[Entries provided — start]

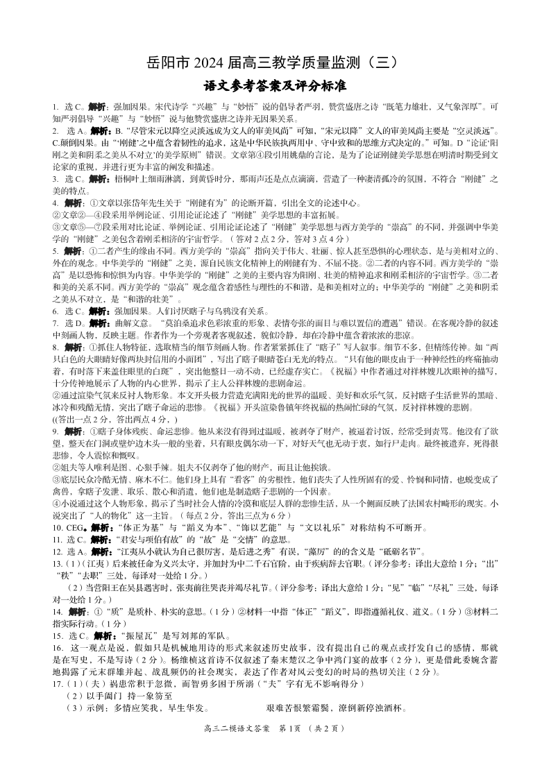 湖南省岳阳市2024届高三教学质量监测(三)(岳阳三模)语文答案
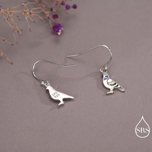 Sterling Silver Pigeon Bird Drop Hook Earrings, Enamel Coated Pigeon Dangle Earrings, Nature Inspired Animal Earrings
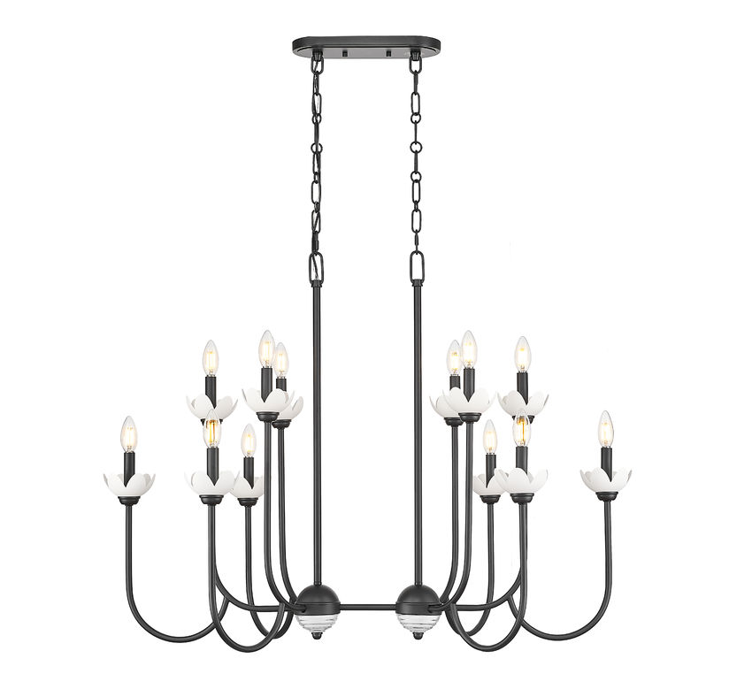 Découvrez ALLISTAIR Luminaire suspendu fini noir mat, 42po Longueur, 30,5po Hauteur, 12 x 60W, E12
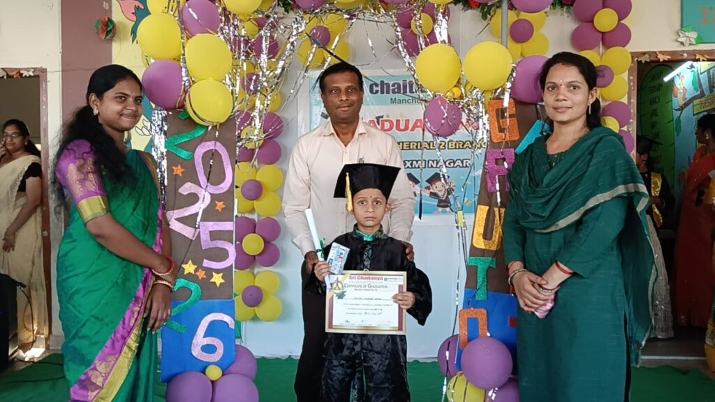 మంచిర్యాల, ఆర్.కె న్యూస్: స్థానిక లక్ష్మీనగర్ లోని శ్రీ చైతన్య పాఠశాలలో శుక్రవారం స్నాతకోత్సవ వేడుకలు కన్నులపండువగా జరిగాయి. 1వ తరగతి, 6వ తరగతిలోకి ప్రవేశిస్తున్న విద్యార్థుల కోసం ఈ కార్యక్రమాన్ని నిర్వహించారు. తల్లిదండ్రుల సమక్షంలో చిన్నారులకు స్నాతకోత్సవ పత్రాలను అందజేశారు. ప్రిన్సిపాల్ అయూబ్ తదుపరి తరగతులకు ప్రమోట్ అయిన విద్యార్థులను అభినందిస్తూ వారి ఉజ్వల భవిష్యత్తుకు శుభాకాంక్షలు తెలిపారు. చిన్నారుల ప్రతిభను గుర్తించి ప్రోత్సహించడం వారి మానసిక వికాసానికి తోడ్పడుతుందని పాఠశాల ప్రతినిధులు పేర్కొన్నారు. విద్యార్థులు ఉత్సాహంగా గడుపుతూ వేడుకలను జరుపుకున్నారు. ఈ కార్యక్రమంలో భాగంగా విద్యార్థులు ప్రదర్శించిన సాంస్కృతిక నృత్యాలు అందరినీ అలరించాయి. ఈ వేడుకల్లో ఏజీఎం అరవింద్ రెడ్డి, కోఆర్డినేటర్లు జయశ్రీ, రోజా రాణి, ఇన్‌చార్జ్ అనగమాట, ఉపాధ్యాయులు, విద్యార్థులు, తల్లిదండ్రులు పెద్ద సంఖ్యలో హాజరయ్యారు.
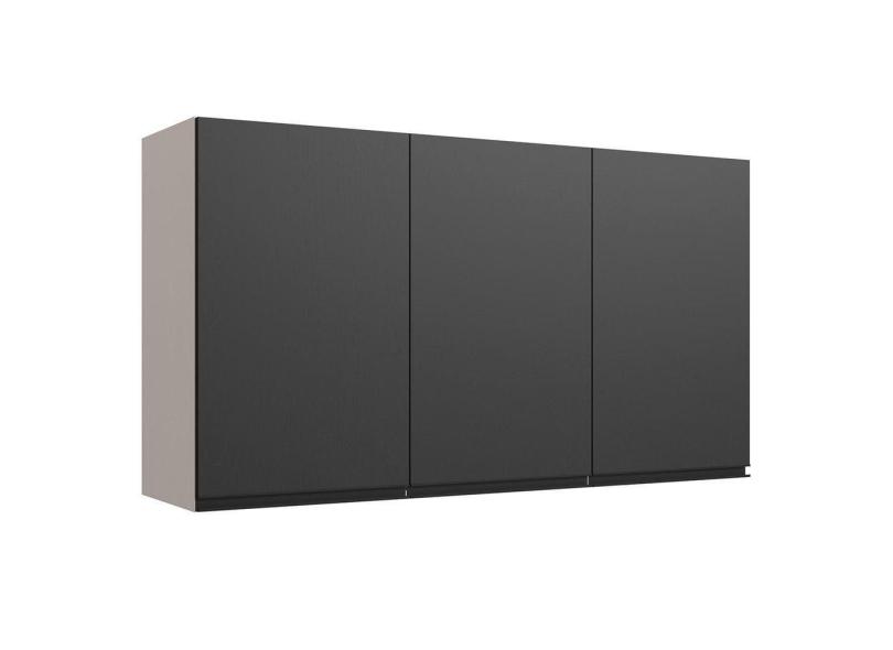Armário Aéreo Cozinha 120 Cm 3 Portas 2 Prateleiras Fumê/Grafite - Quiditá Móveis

[Entries provided — finish]

About this task:
Exact copy, pictures excluded: repeat the lines from the top of the material through the line with "Découvrez ALLISTAIR Luminaire".

Solution to this exercise:
 湖南省岳阳市2024届高三教学质量监测(三)(岳阳三模)语文答案
 Sterling Silver Pigeon Bird Drop Hook Earrings, Enamel Coated Pigeon Dangle Earrings, Nature Inspired Animal Earrings
 Découvrez ALLISTAIR Luminaire suspendu fini noir mat, 42po Longueur, 30,5po Hauteur, 12 x 60W, E12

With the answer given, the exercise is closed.